*WHAT YOU HAVE TO DO*: Pictures in the data should be dropped; transcribe exactly the lines from the one that has "效应区域 RMSE 展示了在存在效应的区域各模型的表现,像在场景" through the one that has "Stub/Skeleton Lib:负责".

[Opening SOURCE MATERIAL section]

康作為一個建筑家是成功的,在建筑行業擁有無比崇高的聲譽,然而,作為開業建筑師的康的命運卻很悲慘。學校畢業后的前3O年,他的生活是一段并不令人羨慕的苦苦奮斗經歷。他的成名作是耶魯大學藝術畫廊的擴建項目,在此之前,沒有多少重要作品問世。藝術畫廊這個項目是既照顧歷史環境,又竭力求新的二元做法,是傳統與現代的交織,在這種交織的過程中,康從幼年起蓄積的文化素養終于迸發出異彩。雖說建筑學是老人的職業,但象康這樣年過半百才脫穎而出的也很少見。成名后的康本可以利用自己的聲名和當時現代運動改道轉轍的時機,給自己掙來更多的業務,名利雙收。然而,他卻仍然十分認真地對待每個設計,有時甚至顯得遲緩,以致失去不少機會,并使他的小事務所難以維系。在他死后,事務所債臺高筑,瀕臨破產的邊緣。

[Closing SOURCE MATERIAL section]
[Opening SOURCE MATERIAL section]

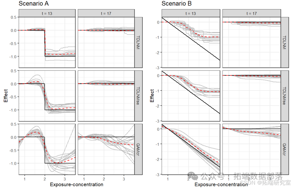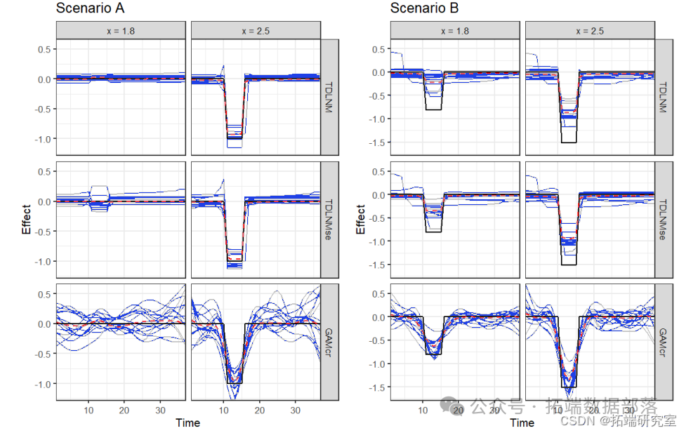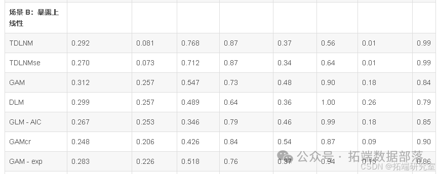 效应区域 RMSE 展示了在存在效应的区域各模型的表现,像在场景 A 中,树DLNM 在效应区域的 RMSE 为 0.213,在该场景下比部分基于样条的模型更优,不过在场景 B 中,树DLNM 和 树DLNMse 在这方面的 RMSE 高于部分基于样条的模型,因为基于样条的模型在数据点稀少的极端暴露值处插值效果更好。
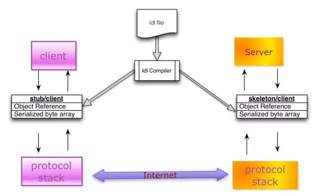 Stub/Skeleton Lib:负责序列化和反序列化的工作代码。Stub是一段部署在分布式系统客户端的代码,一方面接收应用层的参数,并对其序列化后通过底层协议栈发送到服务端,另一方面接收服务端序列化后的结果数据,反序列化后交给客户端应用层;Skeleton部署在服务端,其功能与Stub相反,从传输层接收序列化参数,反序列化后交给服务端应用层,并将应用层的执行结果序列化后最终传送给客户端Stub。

[Closing SOURCE MATERIAL section]

*WORKED SOLUTION*:
 效应区域 RMSE 展示了在存在效应的区域各模型的表现,像在场景 A 中,树DLNM 在效应区域的 RMSE 为 0.213,在该场景下比部分基于样条的模型更优,不过在场景 B 中,树DLNM 和 树DLNMse 在这方面的 RMSE 高于部分基于样条的模型,因为基于样条的模型在数据点稀少的极端暴露值处插值效果更好。
 Stub/Skeleton Lib:负责序列化和反序列化的工作代码。Stub是一段部署在分布式系统客户端的代码,一方面接收应用层的参数,并对其序列化后通过底层协议栈发送到服务端,另一方面接收服务端序列化后的结果数据,反序列化后交给客户端应用层;Skeleton部署在服务端,其功能与Stub相反,从传输层接收序列化参数,反序列化后交给服务端应用层,并将应用层的执行结果序列化后最终传送给客户端Stub。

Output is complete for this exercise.